For the second year in a row, Northeastern University’s College of Arts, Media and Design is represented as a winner of the National Science Foundation (NSF) and Popular Science magazine’s Annual Vizzies Challenge, which celebrates the use of visual media to artfully and clearly communicate scientific data and research. This year, CAMD Assistant Professor Mauro Martino’s “Network Earth,” produced in collaboration with Jianxi Gao, Baruch Barzel, and Albert-László Barabási (visualization), as well as Shamini Bundell (narration) was selected as the 2017 Experts’ Choice, Video Category. The competition, now in its 15th year, aims to recognize the most illustrative and impactful visualizations from the worlds of science and engineering.

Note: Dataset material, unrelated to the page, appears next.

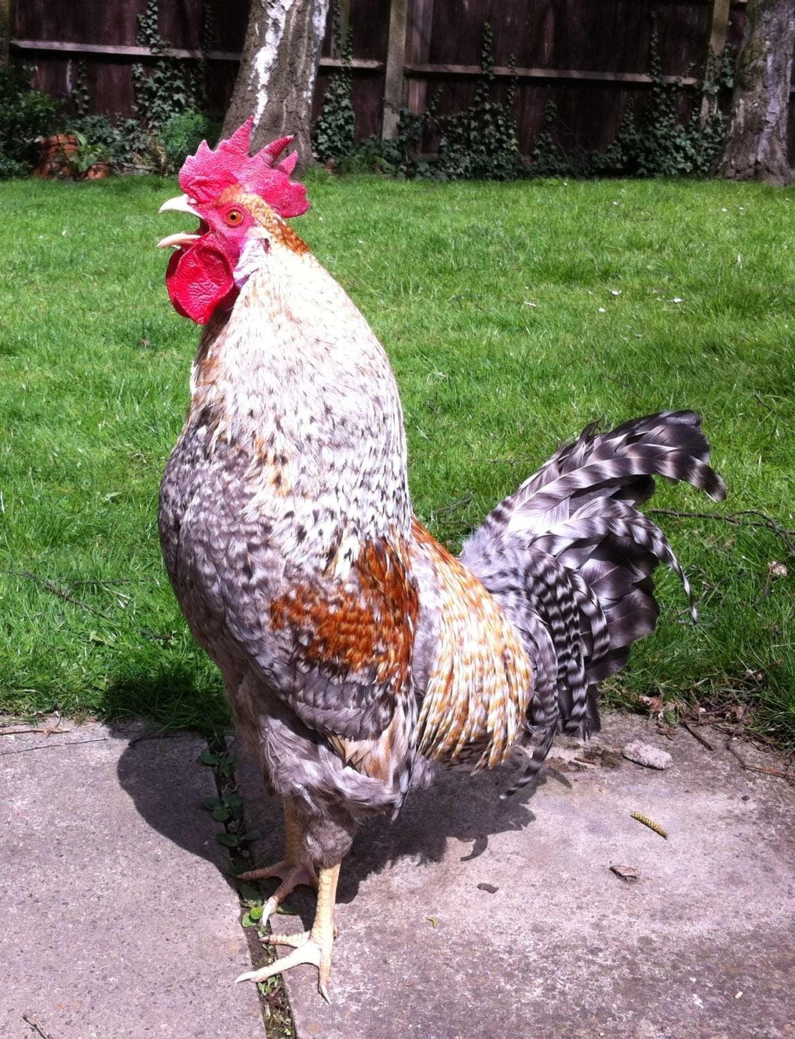 This is my Crested Cream Legbar. I hatched 8 chicks from him 3 weeks ago and they are doing great!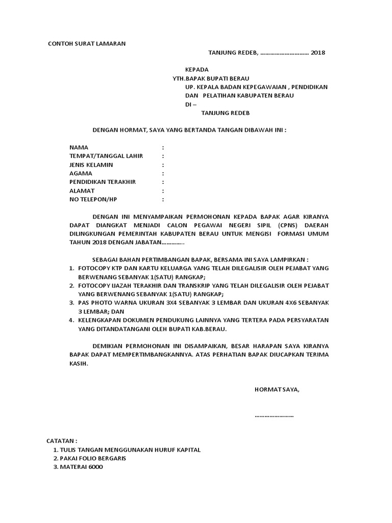 PDF) Contoh surat lamaran CPNS Kab. PALI | hariee as - Academia.edu

In “Network Earth,” Martino, who manages IBM’s Watson Cognitive Visualization Lab, explores the interconnections between all life on Earth and highlights the important relationships that are often invisible to humans. For example, the relationship between plants and ants, depicted in the video, is extremely meaningful and close to everyone, but typically goes unnoticed by the human eye. Through visualizing something that would otherwise remain unseen, the video challenges viewers to think about how their own actions can impact these invisible relationships – and the potentially catastrophic results of allowing them to collapse.
“This visualization is an alternative approach to exploring a complex concept,” explained Martino. “There are so many ways to talk about climate change, but giving it a visual representation is key to making its complexities feel real and tangible to viewers around the world. Through these visualizations, we highlight the implications of our changing Earth and how, as humans, we are responsible for them.”
Martino and the team originally created the video to accompany a research paper on Earth’s resilience, published in Nature. Martino explains that with this context in mind, the resulting “Network Earth” is an example of combining a paper with a compelling story to make a video, using technology to plot data.